__ACTIVITY__. Whenever a picture appears, leave it out while repeating all the other data exactly.

__MATERIAL PROVIDED__.
· · · · ·

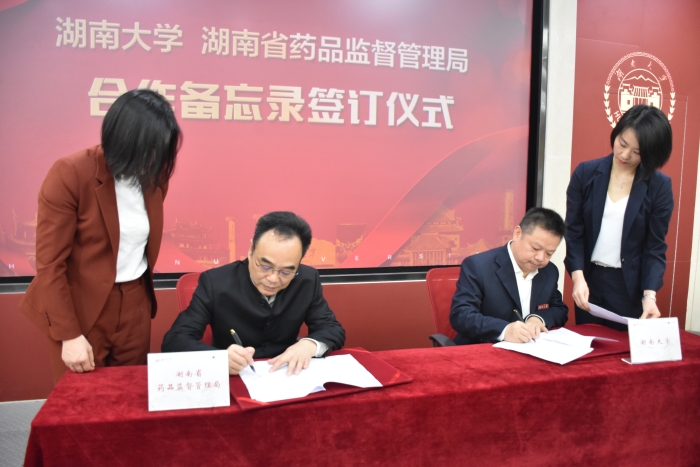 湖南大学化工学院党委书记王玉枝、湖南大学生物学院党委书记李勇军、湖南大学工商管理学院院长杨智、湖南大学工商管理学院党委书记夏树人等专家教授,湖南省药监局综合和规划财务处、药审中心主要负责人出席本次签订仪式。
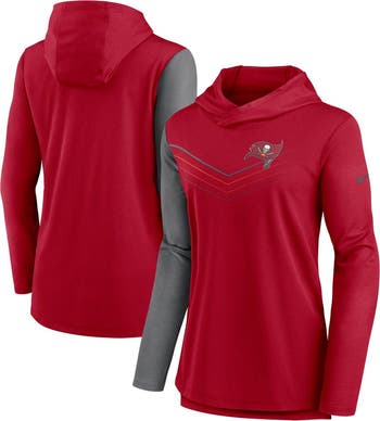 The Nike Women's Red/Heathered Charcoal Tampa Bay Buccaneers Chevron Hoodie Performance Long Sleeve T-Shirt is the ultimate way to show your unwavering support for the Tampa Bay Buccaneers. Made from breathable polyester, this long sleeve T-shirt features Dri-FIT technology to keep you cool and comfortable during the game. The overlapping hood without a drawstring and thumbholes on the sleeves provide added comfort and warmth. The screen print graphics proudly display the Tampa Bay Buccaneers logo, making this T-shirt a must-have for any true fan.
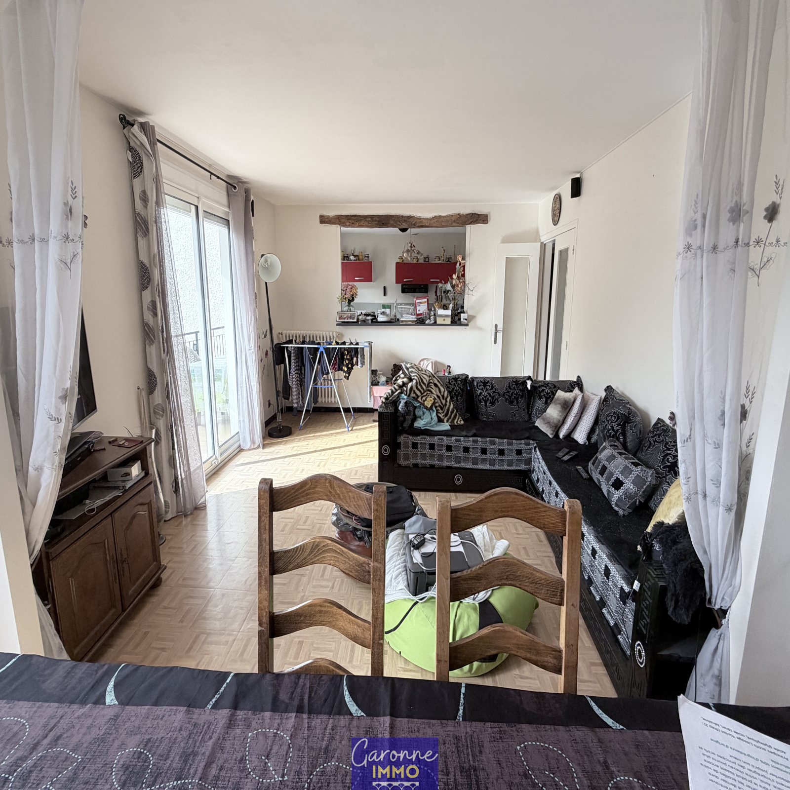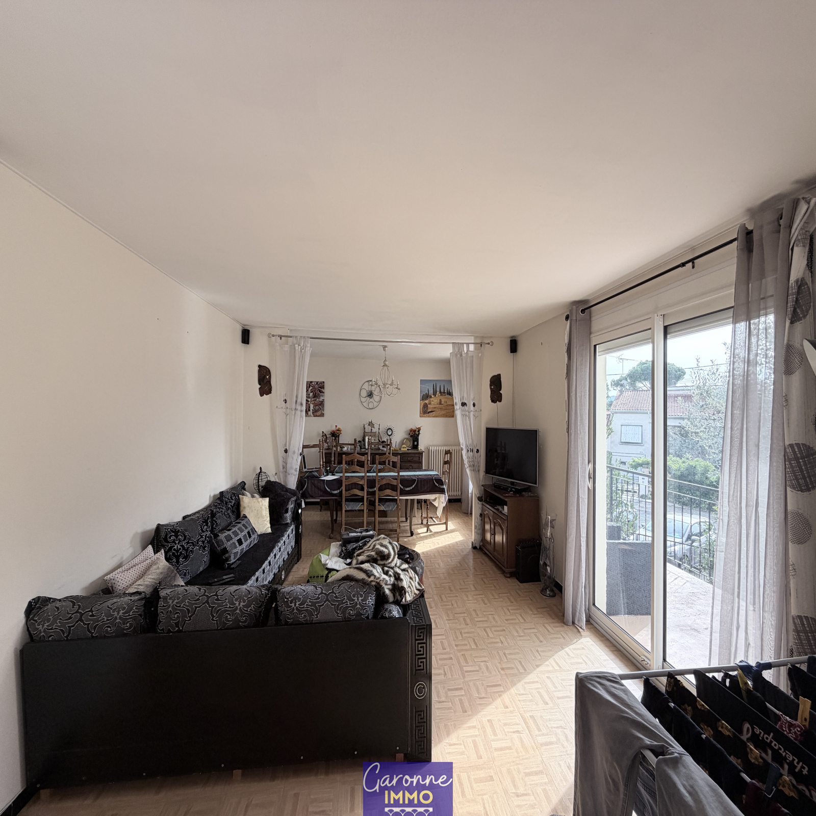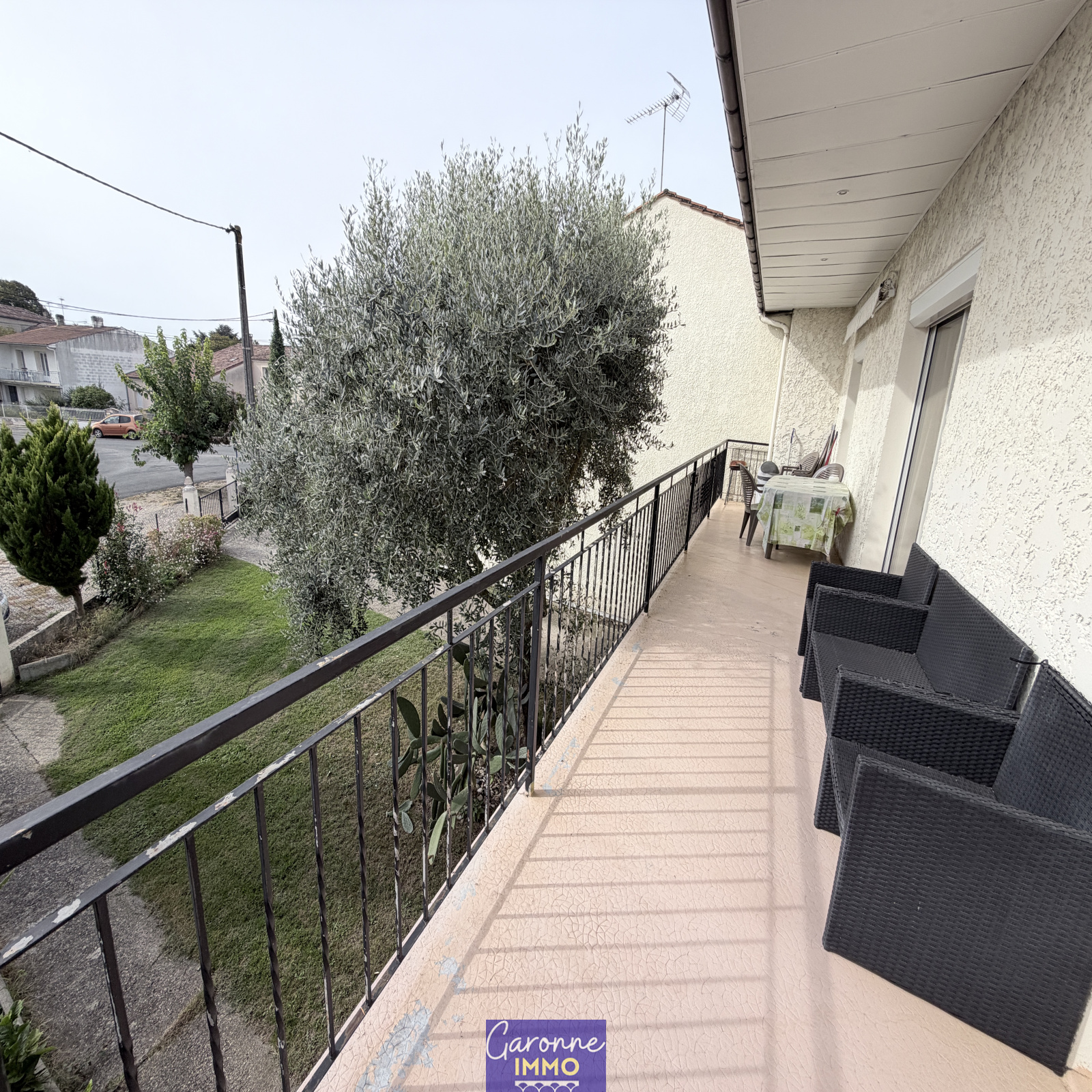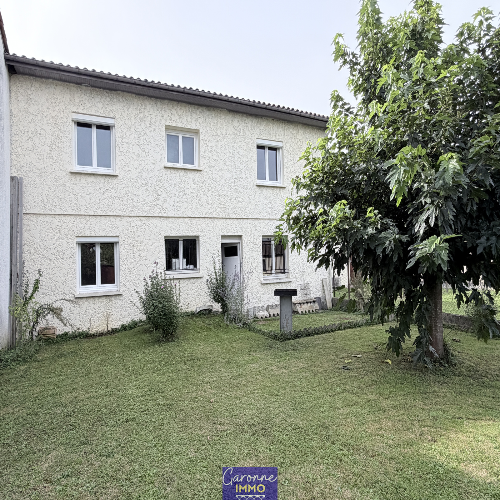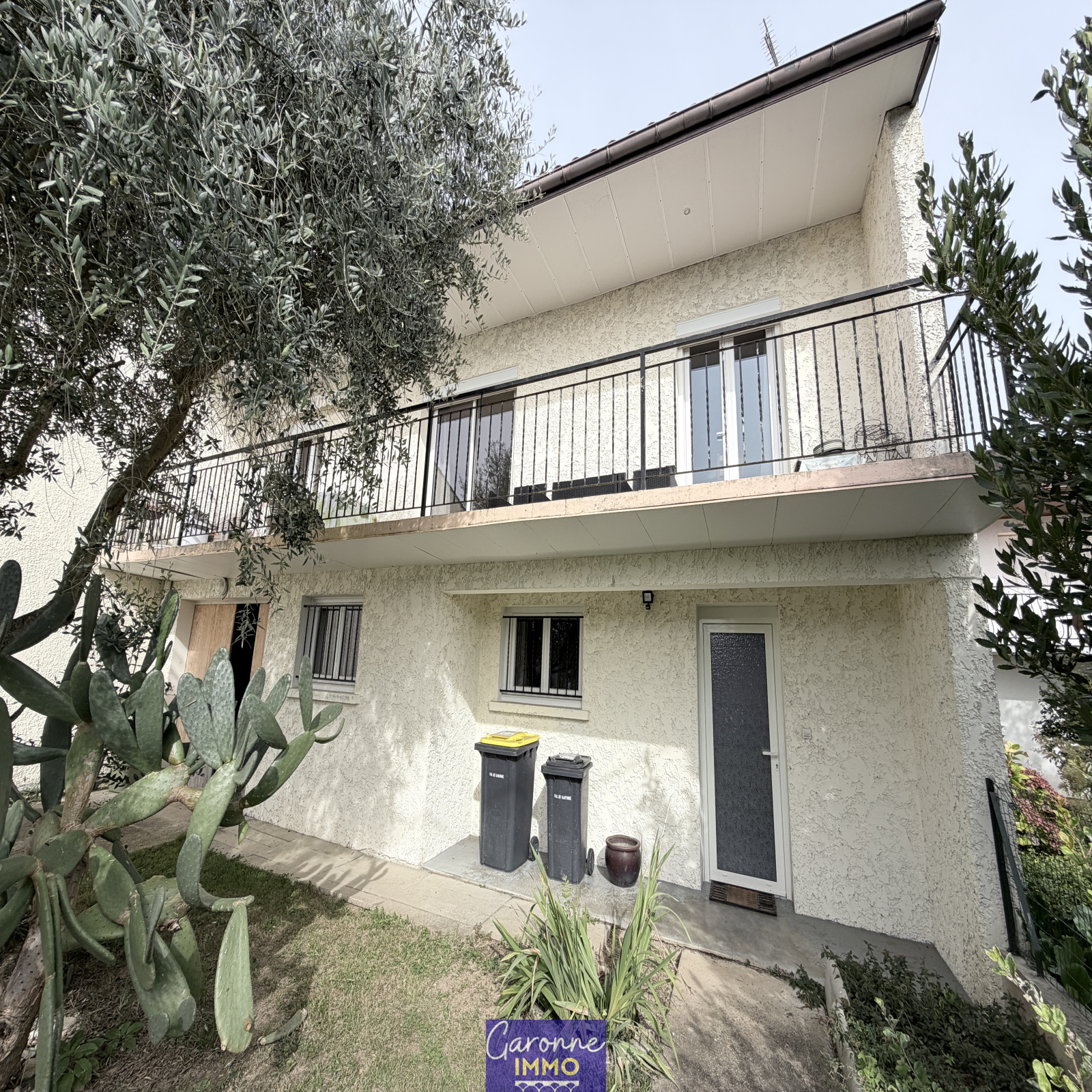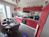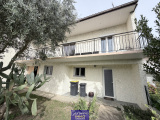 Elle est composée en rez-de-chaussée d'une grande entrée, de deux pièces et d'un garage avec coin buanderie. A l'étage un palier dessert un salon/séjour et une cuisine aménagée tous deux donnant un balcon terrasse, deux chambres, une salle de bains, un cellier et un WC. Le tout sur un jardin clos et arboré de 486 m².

· · · · ·

__WRITTEN RESPONSE__.
 湖南大学化工学院党委书记王玉枝、湖南大学生物学院党委书记李勇军、湖南大学工商管理学院院长杨智、湖南大学工商管理学院党委书记夏树人等专家教授,湖南省药监局综合和规划财务处、药审中心主要负责人出席本次签订仪式。
 The Nike Women's Red/Heathered Charcoal Tampa Bay Buccaneers Chevron Hoodie Performance Long Sleeve T-Shirt is the ultimate way to show your unwavering support for the Tampa Bay Buccaneers. Made from breathable polyester, this long sleeve T-shirt features Dri-FIT technology to keep you cool and comfortable during the game. The overlapping hood without a drawstring and thumbholes on the sleeves provide added comfort and warmth. The screen print graphics proudly display the Tampa Bay Buccaneers logo, making this T-shirt a must-have for any true fan.
 Elle est composée en rez-de-chaussée d'une grande entrée, de deux pièces et d'un garage avec coin buanderie. A l'étage un palier dessert un salon/séjour et une cuisine aménagée tous deux donnant un balcon terrasse, deux chambres, une salle de bains, un cellier et un WC. Le tout sur un jardin clos et arboré de 486 m².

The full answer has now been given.